Senin, 30 Mei 2011

Tidak mau berbohong lagi

    Si Maryam berumur tujuh tahun. Pada suatu hari ia disuruh ibunya pergi kerumah bibinya mengantarkan surat. Rumah bibinya itu ada kira-kira setengah jam berjalam kaki jauhnya dari rumahnya.

    Waktu si Maryam akan pulang, ia diberi oleh bibinya mangga enam buah yang masak-masak. Kata bibinya : "Ini mangga enam buah. Dua buah untukmu! Dua buah berikan kepada adikmu si Kasim dan yang dua lagi kepada si Ramali".

    Si Maryam minta terima kasih kepada bibinya, lalu minta izin hendak pulang. Waktu itu hari amat panas. Karena sangat lelah, si Maryam berhenti dibawah sepohon kayu yang rindang lagi rimbun. Bungkusannya yang berisi mangga itu diletakkannya disisinya. Tiba-tiba terlihat olehnya mangga dalam bungkusan itu. Terbit seleranya melihatnya. Diambilnya sebuah, lalu dimakannya. "Manis benar", katanya dalam hatinya. Mangga itu pun habislah dimakannya. "Manggaku kasih ada sebuah lagi", pikirnya. "Biarlah kuhabiskan kedua-duanya". Dengan tidak berpikir panjang lagi dimakannya mangganya yang sebuah lagi.

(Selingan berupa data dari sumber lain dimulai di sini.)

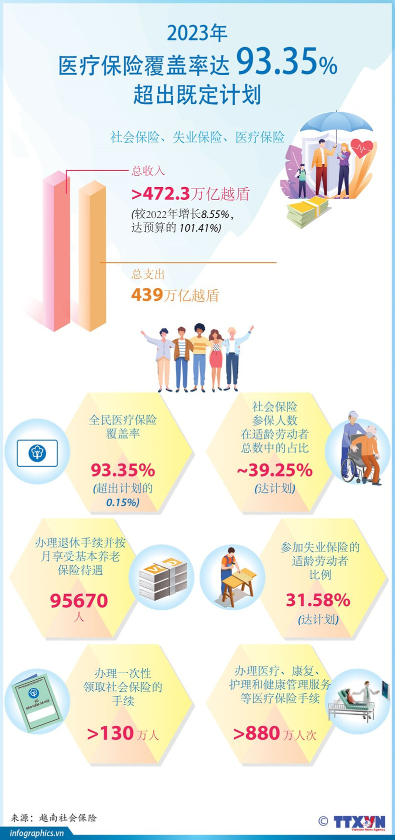 2023年,越南保险行超额完成有关社会保险、失业保险、医疗保险覆盖率等的既定目标,其中,医疗保险覆盖率为93.35,与既定目标相差0.15%。
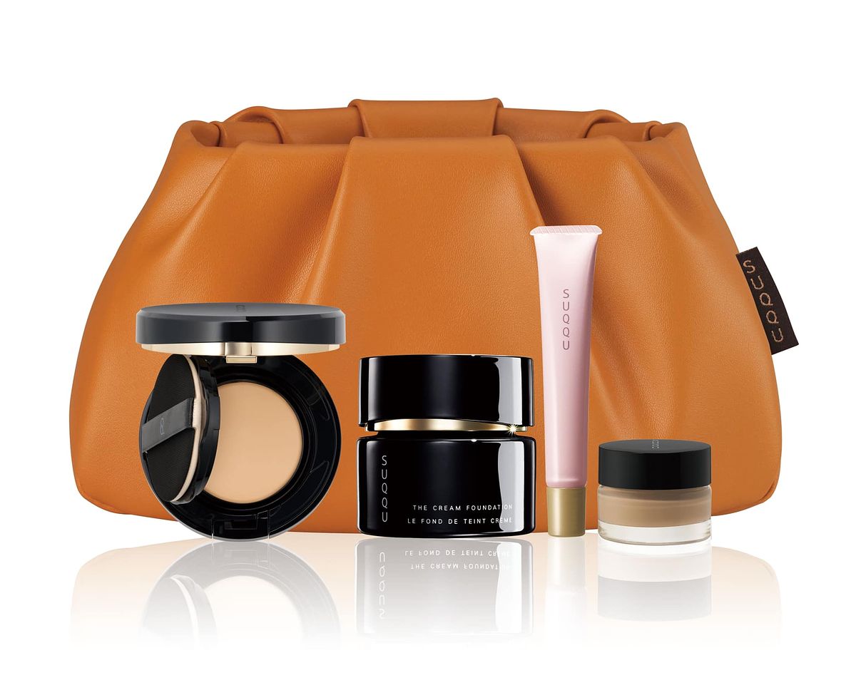 新品也有加入週年慶特惠喔!2022週年慶「SUQQU晶采光透新品組」原價NT8,265,特惠價只要NT6,750,等於下殺82折喔!內容物為:晶采光透水凝粉餅(全品)、晶采艷澤粉霜30g(17色任選),贈:晶采極潤粧前乳10g、晶采艷澤粉霜4g(顏色隨機)、皮質化妝包(這包包很好看耶!)

    Sudah itu berdirilah ia hendak berangkat.

    Baru sepuluh menit ia berjalan, keringat sudah meleleh dipipinya. Dicarinya pula tempat berhenti. Ditepi jalan ada sebuah toko kecil yang sudah ditinggalkan orang. Tergesa-gesa pergilah ia kesitu. Hausnyapun terbit pula, tetapi apa akal mangganya tak ada lagi.

    Melihat saja ia kedalam bungkusan yang masih berisi mangga itu. Akan diambilnya mangga itu? Tidak mau ia, sebab mangga itu bukan untuknya.

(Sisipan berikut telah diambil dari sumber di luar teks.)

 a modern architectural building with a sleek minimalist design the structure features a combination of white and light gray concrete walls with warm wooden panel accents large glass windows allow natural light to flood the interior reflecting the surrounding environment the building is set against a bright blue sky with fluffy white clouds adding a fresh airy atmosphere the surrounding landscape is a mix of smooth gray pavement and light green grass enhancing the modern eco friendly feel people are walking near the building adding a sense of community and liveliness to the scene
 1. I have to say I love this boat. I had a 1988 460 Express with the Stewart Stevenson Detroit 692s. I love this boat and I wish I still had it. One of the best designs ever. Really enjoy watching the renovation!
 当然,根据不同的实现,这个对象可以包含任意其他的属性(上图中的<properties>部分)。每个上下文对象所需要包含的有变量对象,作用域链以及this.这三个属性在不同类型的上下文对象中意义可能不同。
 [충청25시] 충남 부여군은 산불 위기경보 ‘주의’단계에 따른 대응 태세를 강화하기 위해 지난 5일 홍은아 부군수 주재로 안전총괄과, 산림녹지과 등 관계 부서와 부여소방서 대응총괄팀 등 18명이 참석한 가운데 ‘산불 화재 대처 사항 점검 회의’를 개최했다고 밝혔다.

    Tetapi matanya tak lepas dari bungkusan itu. "Biarlah kumakan dua buah lagi", katanya dalam hatinya. "Yang dua lagi kuberikan kepada si Kasim dan si Ramali sebuah seorang. Nanti kukatakan, dia hanya sebuah seorang diberi bibi, Mereka itu tentu tak kan tahu. Siapa yang akan mengatakannya?"

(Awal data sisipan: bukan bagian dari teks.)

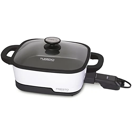 The Tuxedo™ 12-inch precision skillet with digital heat control takes skillet cooking to an exciting new level. The digital interface with large LED display lets you choose exact temperatures from 100° to 400°F for precise heat regulation, even at low temperatures. Built for versatility with extra-high sidewalls and ultra-durable ceramic surface, the skillet is ideal for pan frying, sautéing, roasting, braising, steaming, simmering soup and stew, poaching, sous vide cooking, making yogurt, and proofing dough. Select temperatures in one degree increments from 100° to 205°F and five degree increments from 205° to 400°F for consistent results every time. Use the multi-purpose rack for steaming and sous vide cooking, as well as making yogurt and baking potatoes. The tempered glass cover with silicone rim, easy-grasp handles, and a sophisticated design make the Tuxedo™ skillet both functional and stylish when entertaining. The digital control keeps food at precise serving temperatures for up to 24 hours. With a ceramic nonstick surface, inside and out, the skillet is easy to clean and fully immersible with the digital control removed. Delicious recipes included for pan frying, braising, poaching, sous vide, yogurt, desserts, and much more.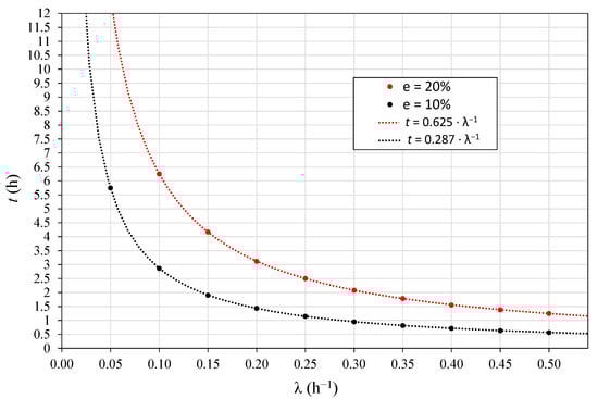 The radon exhalation value used for the theoretical approach in Figure 5 is the same for all the curves; the only difference between them is the effective decay constant. Considering different time periods, radon flux can be calculated from the curves using Equation (3). Then, the error due to the linear approximation can be obtained as the difference between the radon flux calculated assuming linearity and the real value. Maximum linearity time t can be estimated as a factor of λ for a fixed level of maximum deviation; 10% and 20% are considered here (see Figure 6). Given that, a relationship is obtained with = 0.287 for 10% and = 0.625 for 20% maximum deviation. A similar theoretical study was completed [,] considering two points for the linear fit, but in this approach, pairs of values every 10 min from Figure 5 were used.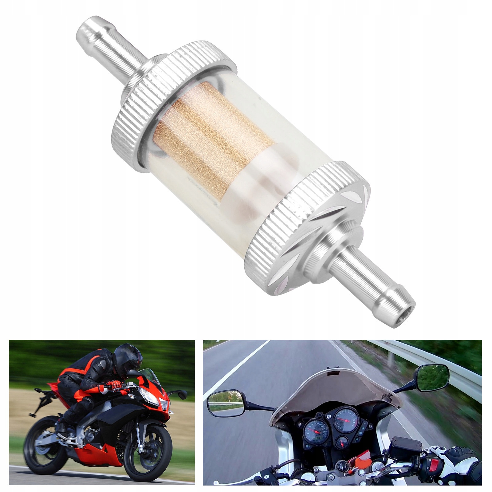 Опис: Цей продукт використовується в мотоциклі 6 мм, він може ефективно фільтрувати забруднення газу, вдосконалюючи чистоту газу, що спричиняє повне поєднання газоліну. бензин, покращити продуктивність.

    Diambilnya mangga itu sebuah, lalu dimakannya. Sudah itu sebuah lagi.

    Setelah lepas lelahnya,  berangkatlah ia. Tiada berapa lamanya sampailah si Maryam kerumahnya. Mangga yang dua buah itu diberikannya kepada si Kasim dan si Ramali. "Untukmu mana?" tanya si Ramali. "Punyaku sudah kumakan", kata si Maryam dengan pendek, lalu pergi dari situ.

    Keesokan harinya bibi datang bertandang kerumah anak-anak itu. Waktu si Kasim dan si Ramali melihat bibi datang, pergilah mereka itu keduanya mendapatkannya. "Aduh, enak betul mangga yang kemarin, bibi", kata si Ramali. "Tetapi sayang hanya sebuah saja". Bibi heran mendengar perkataan si Ramali. "Tentu si Maryam yang memakan yang dua buah lagi", pikirnya dalam hatinya. "Biarlah nanti kumarahi dia!" Tetapi perkara itu didiamkannya saja kepada kedua anak itu.

    Sesudah mereka itu pergi, dipanggilnyalah si Maryam. Dipegangnya bahu si Maryam lambat-lambat, lalu katanya : "Itu tak baik, Maryam. Yang akan datang jangan dibuat lagi!" Si Maryam tunduk kemalu-maluan, karena ia tahu salahnya, sungguhpun bibi belum menceriterakan sampai habis kepadanya.

    Sepekan sudah itu si Maryam disuruh pula oleh ibunya pergi kerumah bibinya. Waktu ia akan kembali pulang, ia diberi bibinya sebungkus gula-gula. Gula-gula itu harus dibaginya tiga dengan adiknya si Kasim dan si Ramali, Panas waktu itu sangat teriknya. Dua kali si Maryam berhenti dijalan akan menghentikan lelahnya. Bagaimana juga hausnya, tak mau ia mengambil gula-gula itu barang sebuah.

    Sampai dirumah dipanggilnya si Kasim dan si Ramali. Gula-gula itu dibaginya tiga, lalu dimakannya bersama-sama dengan tertawa-tawa.